Coffee-dipped ladyfingers layered with rich pistachio cream and finished with fresh lemon zest and pistachios.

Serves: 8Prep: 30 minCook: 4 hr (chilling)

Ingredients

  • 2 cup (480 ml) vegan double cream, chilled
  • 1/4 cup (50g) granulated sugar
  • 1 tsp vanilla extract
  • 1 cup (250g) pistachio cream
  • 1 cup (240 ml) strong brewed coffee, cooled
  • 24-30 ladyfinger biscuits
  • 1 lemon, zested
  • 1/4 cup (30g) crushed pistachios, for topping

Instructions

  1. In a large bowl, whip the chilled vegan double cream with the granulated sugar and vanilla extract until stiff peaks form, about 3-5 minutes.
  2. Gently fold in the pistachio cream into the whipped cream mixture until just combined, maintaining an airy consistency.
  3. Quickly dip each ladyfinger biscuit into the cooled brewed coffee, ensuring it's moistened but not soggy.
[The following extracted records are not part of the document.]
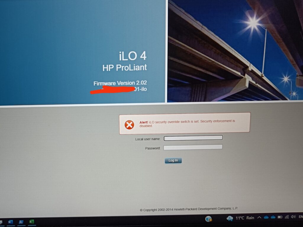 With the switch blocks 1 and 3 set to the ON position, the iLO security is overridden and the default admin/admin credentials can be used to log into the iLO interface:
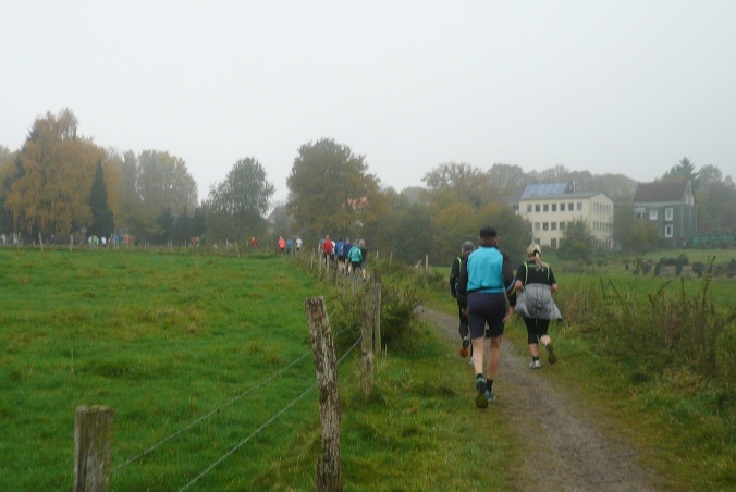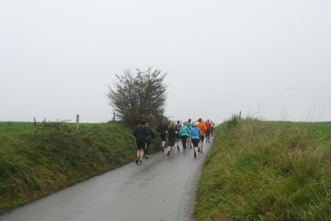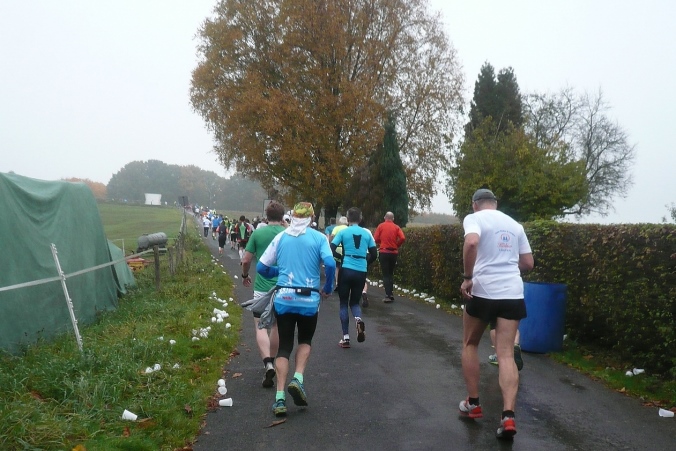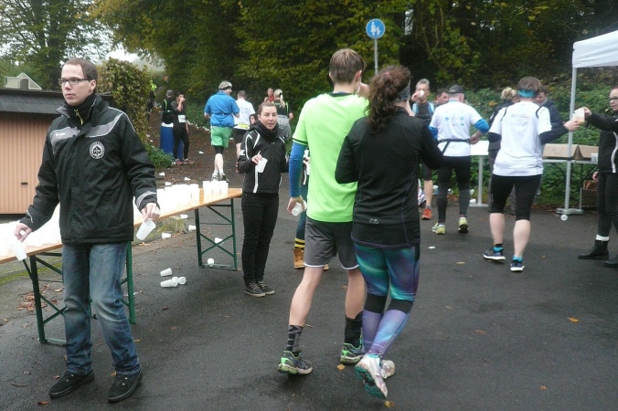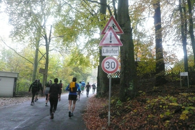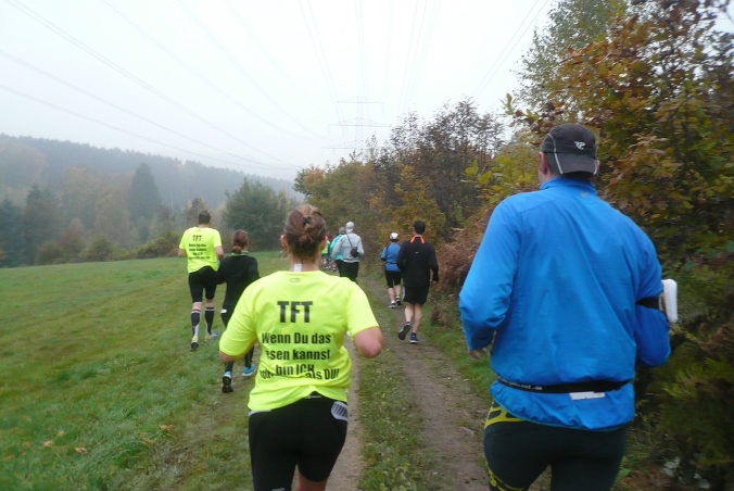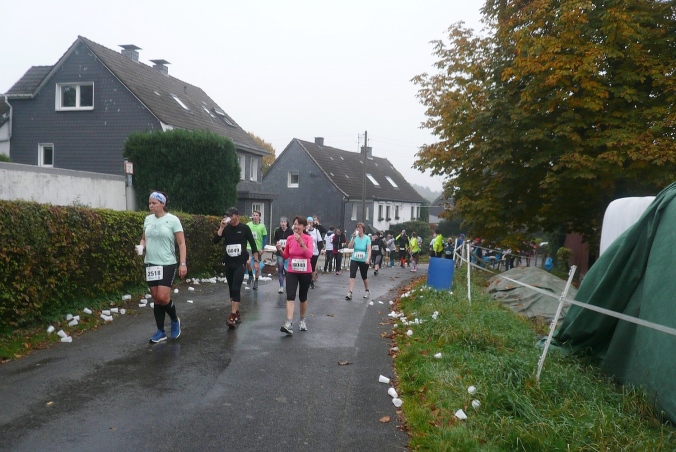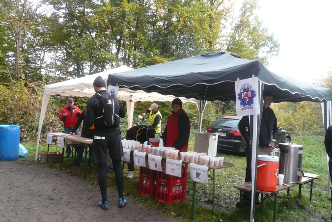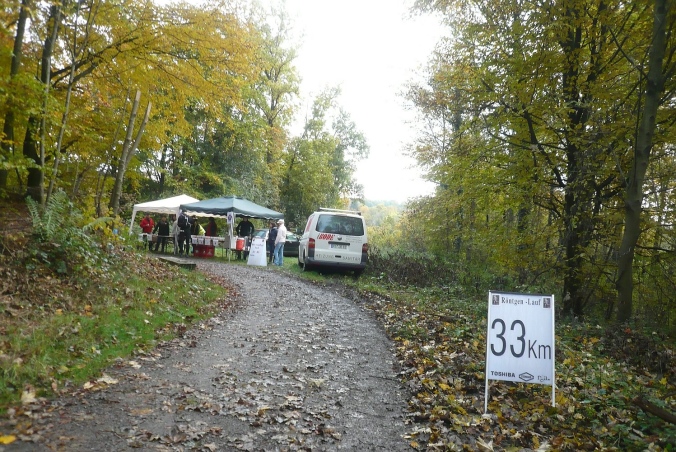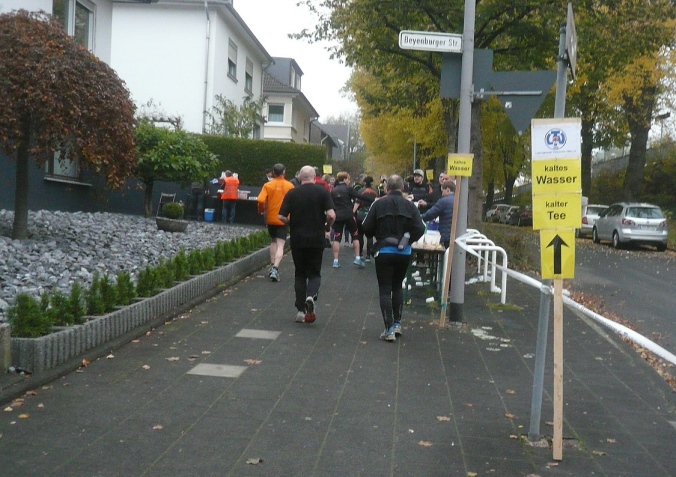 Es geht zurück nach Hackenberg, durch eine kleine Wohnsiedlung verlassen wir dann den Ort. Am Ortsende stehen auf einem Balkon Anwohner und rufen und trommeln uns lautstark zu, wie jedes Jahr. Kurz davor haben wir schon die ersten 5km geschafft. Jetzt geht es raus in die trübe Landschaft und ein längeres Stück abwärts in den Wald. Zu einer kleinen Ansiedlung geht es wieder bergauf und der erste Versorgungspunkt ist erreicht.
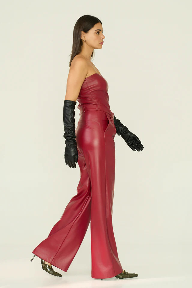 This Muse top is an Edgy burgundy faux leather tube top with a sleek strapless design for bold, contemporary style. The structured fit with subtle sheen and stretch fabric creates a comfortable yet chic look
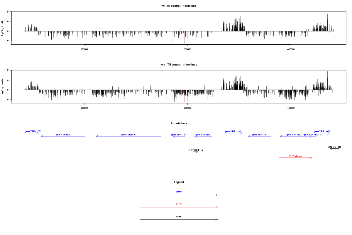 Sequence read density, YER115C, SPR6, (5:387076..402075)
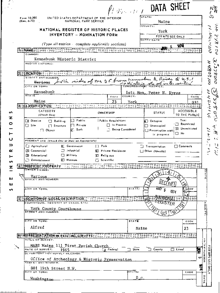 Form 10300 (Rev. 672)STATE:UNITED STATES DEPARTMENT OF THE INTERIOR NATIONAL PARK SERVICE Maine COUNTY:NATIONAL REGISTER OF HISTORIC PLACES INVENTORY NOMINATION FORM York FOR NPS USE ONLY ENTRY DATE(Type
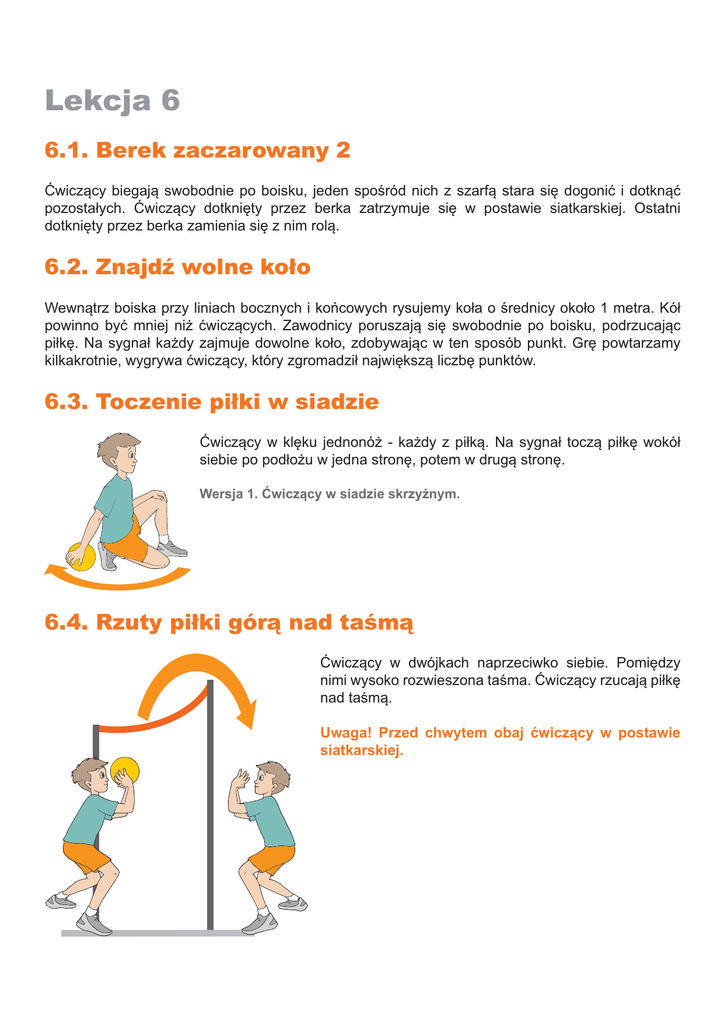 Lekcja 6 6.1. Berek zaczarowany 2 Ćwiczący biegają swobodnie po boisku, jeden spośród nich z szarfą stara się dogonić i dotknąć pozostałych. Ćwiczący dotknięty przez berka zatrzymuje się w postawie siatkarskiej. Ostatni dotknięty przez berka zamienia się z nim rolą. 6.2. Znajdź wolne koło Wewnątrz boiska przy liniach bocznych i końcowych rysujemy koła o średnicy około 1 metra. Kół powinno być mniej niż ćwiczących. Zawodnicy poruszają się swobodnie po boisku, podrzucając piłkę. Na sygnał każdy zajmuje dowolne koło, zdobywając w ten sposób punkt. Grę powtarzamy kilkakrotnie, wygrywa ćwiczący, który zgromadził największą liczbę punktów. 6.3. Toczenie piłki w siadzie Ćwiczący w klęku jednonóż - każdy z piłką. Na sygnał toczą piłkę wokół siebie po podłożu w jedna stronę, potem w drugą stronę. Wersja 1. Ćwiczący w siadzie skrzyżnym. 6.4. Rzuty piłki górą nad taśmą Ćwiczący w dwójkach naprzeciwko siebie. Pomiędzy nimi wysoko rozwieszona taśma. Ćwiczący rzucają piłkę nad taśmą. Uwaga! Przed chwytem obaj ćwiczący w postawie siatkarskiej. 6.5. Wyścig z podaniem piłki Ćwiczący podzieleni na dwie drużyny ustawione na linii końcowej i środkowej boiska. Każda drużyna podzielona na dwa rzędy ustawione po przeciwnych stronach boiska - pierwsi w rzędzie z piłką. Pierwsi ćwiczący biegną do przeciwnego rzędu (1), podają piłkę pierwszemu w rzędzie i biegną na koniec rzędu (2). Następni ćwiczący powtarzają zadanie. Wygrywa drużyna, której wszyscy ćwiczący przebiegną z piłką do przeciwnego rzędu. 1 Wersja 1. Drużyny ustawione na liniach bocznych boiska. 2 1 2 6.6. Wyścig z rzutem do kapitana nad taśmą Ćwiczący podzieleni na dwie drużyny, ustawione w rzędach. Przed każdym rzędem kapitan. Pomiędzy rzędem a kapitanem rozwieszona taśma. Na sygnał pierwszy w rzędzie oburącz rzuca piłkę nad taśmą do kapitana. Kapitan chwyta piłkę i rzuca nad taśmą do następnego ćwiczącego. Wygrywa drużyna, która pierwsza wykona zadanie. Wersja 1. Pomiędzy rzędami rozwieszone dwie taśmy. Ćwiczący rzucają piłkę pomiędzy taśmami. 6.7. Chwytanie piłki po rzucie nad rozciągniętą taśmą Ćwiczący ustawieni w dwóch rzędach, naprzeciwko rozciągniętej taśmy, każdy z piłką. Pomiędzy rzędami stoi nauczyciel. Pierwszy ćwiczący w rzędzie podaje piłkę nauczycielowi (1), biegnie pod taśmą w kierunku przeciwnego boiska (2), w tym czasie nauczyciel rzuca piłkę nad taśmą na drugie boisko (3). Ćwiczący chwyta piłkę i wraca na koniec swojego rzędu (4). Ćwiczący z drugiego rzędu podaje piłkę nauczycielowi i wykonuje to samo zadanie. 4 1 3 Uwaga! Rzucaj piłkę oburącz od dołu. 2 Wersja 1. Ćwiczący mogą chwytać piłkę po odbiciu od podłoża. Wersja 2. Rzucaj piłkę w różne miejsca na przeciwnym boisku. 6.8. Rzucanka siatkarska po odbiciu od podłoża Ćwiczący podzieleni na dwie drużyny ustawione dowolnie na boisku przedzielonym elastyczną taśmą. Grę rozpoczynają kapitanowie, rzucając jednocześnie piłki nad taśmą w kierunku boiska przeciwnika. Punkt zdobywa drużyna, gdy dwie piłki znajdą się na boisku przeciwnika. Uwaga! Przed chwytem i rzutem piłka musi odbić się od podłoża.
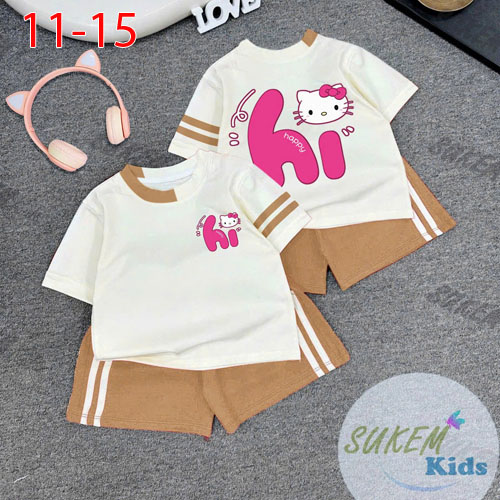 A508146 - Bộ short thể thao siêu cưng cho bé gái thun cotton 4c áo may cổ phối màu chạy dây viền ép
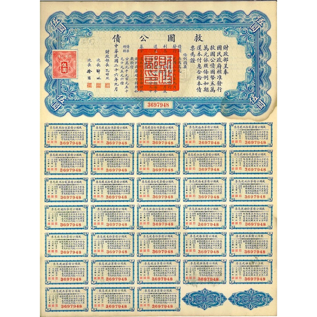 In 1937, China was amid significant political and military challenges, particularly with the onset of the Second Sino-Japanese War. To bolster national defense and economic stability, the Chinese government issued liberty bonds to raise funds. These bonds were a call to patriotic duty, encouraging citizens to invest in the nation's future. The full set of coupons attached to this bond indicates that it was a long-term investment, with periodic interest payments that would have provided a steady return to the bondholder.
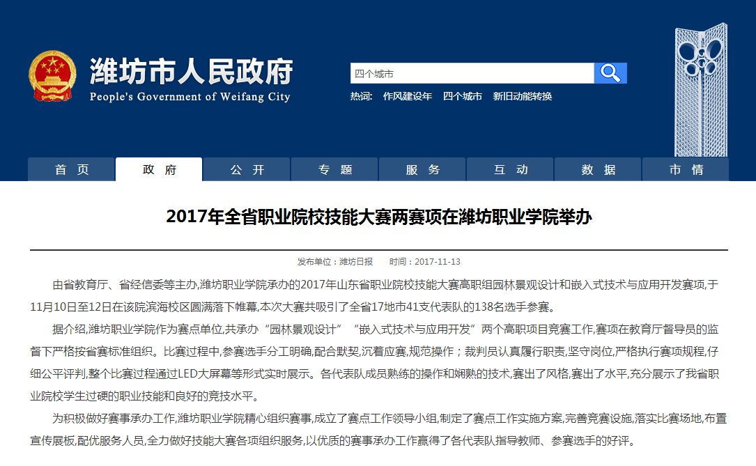 潍坊市人民政府网站: 2017年全省职业院校技能大赛两赛项在76net必赢官网举办
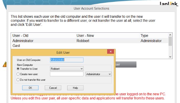 Start PCmover Express en klik op Next. Selecteer PC to PC Transfer en ga verder. Kies Windows 7 / Windows 8 en klik op Next. Kies WiFi or Wired Network en kies Next. Kijk of de naam van de oude pc achter Network Name staat, zo niet: klik op Browse en zoek de computer op. Klik op User Account Selections, selecteer het account en klik op Edit User.

Do not soak.
  4. Arrange a single layer of coffee-dipped ladyfingers at the bottom of a serving dish (approx. 9x13 inch or similar).
  5. Generously spread half of the pistachio cream mixture over the ladyfinger layer, ensuring even coverage.
  6. Repeat with another layer of coffee-dipped ladyfingers and the remaining pistachio cream mixture.
  7. Cover the dish and refrigerate for at least 4 hours, or preferably overnight, to allow the tiramisu to set and flavors to meld.
  8. Before serving, top the tiramisu with fresh lemon zest and crushed pistachios.